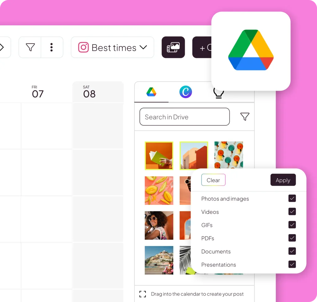 Esplora le tue cartelle su Google Drive, personali o condivise, e accedi ai file direttamente dal planner. Filtra e seleziona immagini, video, e PDF compatibili, tutto da un’unica scheda. Più semplice di così!
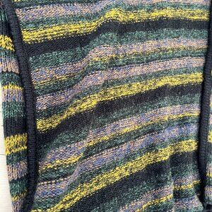 Kensie Striped Black Green Yellow Poncho Fringe Hem Blanket Shawl Button Details
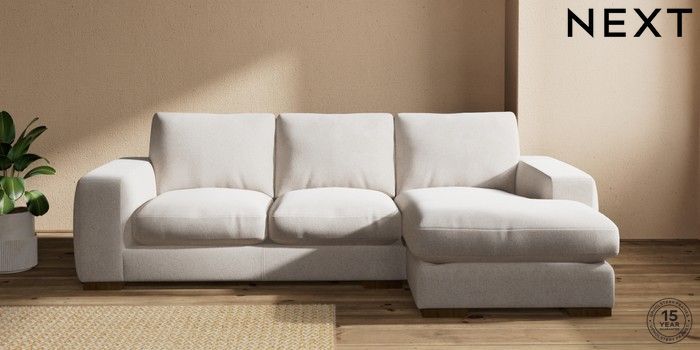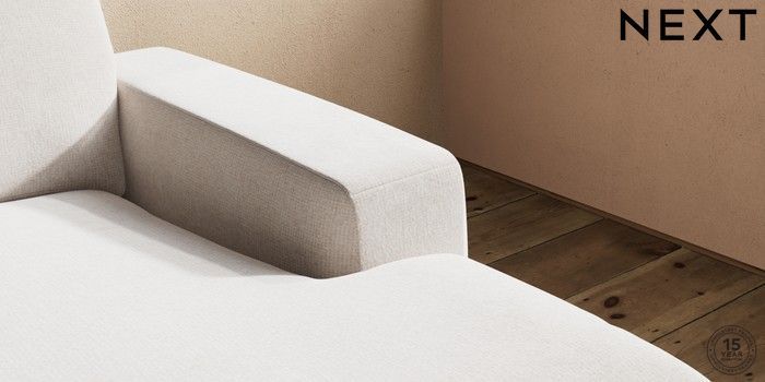 7.2.10 Houghton Deep Relaxed Sit Medium Sofa Chaise - Right Hand Chunky Chenille Oyster Large Square Angle - Mid | Made Click here to use our website with more accessibility support, for example screen readers
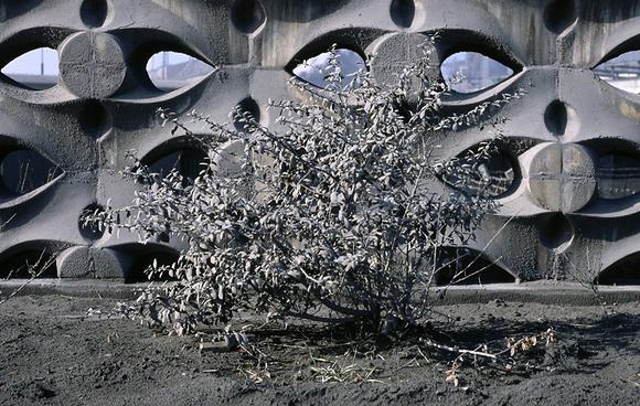 Staubbedeckter Strauch vor dem Kombinat VEB Chemische Werke Buna
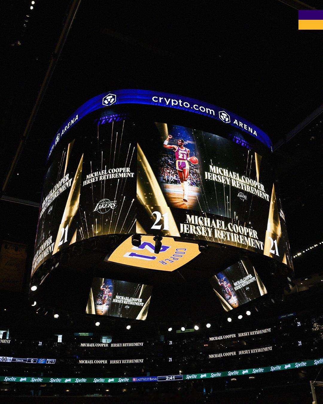 今晚湖人队向洛杉矶的传奇人物迈克尔·库珀致敬,见证他的球衣升上天花板。

▬▬▬▬▬▬▬▬▬▬

**Exercise requirements**. Output, exactly and only, the lines beginning with the one that contains "Kensie Striped Black" and ending at the last line of the records above. Drop the pictures.

**Result for this exercise**.
 Kensie Striped Black Green Yellow Poncho Fringe Hem Blanket Shawl Button Details
 7.2.10 Houghton Deep Relaxed Sit Medium Sofa Chaise - Right Hand Chunky Chenille Oyster Large Square Angle - Mid | Made Click here to use our website with more accessibility support, for example screen readers
 Staubbedeckter Strauch vor dem Kombinat VEB Chemische Werke Buna
 今晚湖人队向洛杉矶的传奇人物迈克尔·库珀致敬,见证他的球衣升上天花板。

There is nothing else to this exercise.